A consortium of 12 retailers including Arcadia, Next and Asda have had their case against Visa thrown out of the Court of Appeal.
- Retailers were attempting to claim damages back to 1977
- Compensation now limited to interchange fees dating back to 2007
- Visa continues to dispute its rates were anti-competitive
The Court of Appeal has dismissed the retailers’ appeal of a High Court decision to limit the claims they could make against Visa’s fees to a six-year period.

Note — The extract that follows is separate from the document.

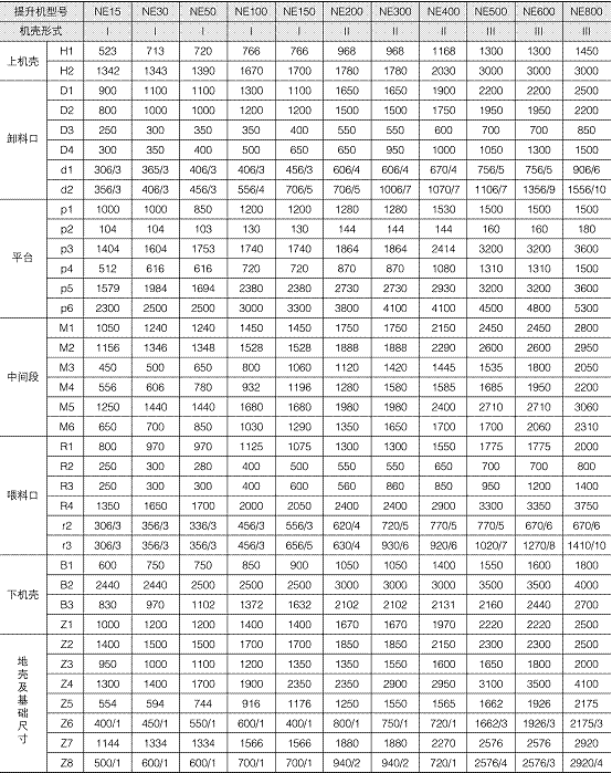 NE系列斗式提升機(jī)技術(shù)參數(shù):
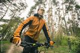 Young attractive man wears yellow suit ride the bike on the forest road

The retailers can now only claim compensation for transactions that happened between 2007 and 2013. The ruling will significantly reduce the amount of compensation, considering they were claiming damages back to 1977.
Other retailers involved in the legal action include Morrisons, B&Q, Argos, Debenhams, House of Fraser, Iceland, New Look, Comet and Record Shop 2 Limited. Comet and Record Shop 2 have entered liquidation since the legal dispute began.
Visa Europe said it welcomed the Court of Appeal’s decision because “it is appropriate to limit the time period relating to these claims”.
Legal action is still ongoing between the retailers and Visa over whether the retailers were overcharged for interchange fees for transactions dating back to 2007.
A Visa spokeswoman said: “We continue to strongly dispute the claims, our interchange rates have been set lawfully at all times for the benefit of consumers, businesses, issuers and acquirers in the UK.”
Visa applied to strike out the claim for damages predating 2013 because under the Limitation Act 1980, claimants usually have six years to bring their claim.
The retailers argued the six-year rule did not apply because under section 32 of the Act, time does not start to run where facts have been concealed and it only starts when facts have been discovered or could reasonably have been discovered by a claimant with a cause to investigate.
Stephen Critchley, a senior associate at Collyer and Bristow, explained the retailers “have had difficulty identify a significant body of facts and instead argued that facts were being concealed even now”.
Last week it emerged MasterCard had paid Tesco £39m in a settlement over interchange fees.
However, the case against MasterCard’s fees is much stronger because the European Commission won a court case against MasterCard after it failed to cap interchange fees.
In contrast, Visa pre-empted further action from the European Commission by agreeing to cap such fees, which has left it on a much firmer legal standing.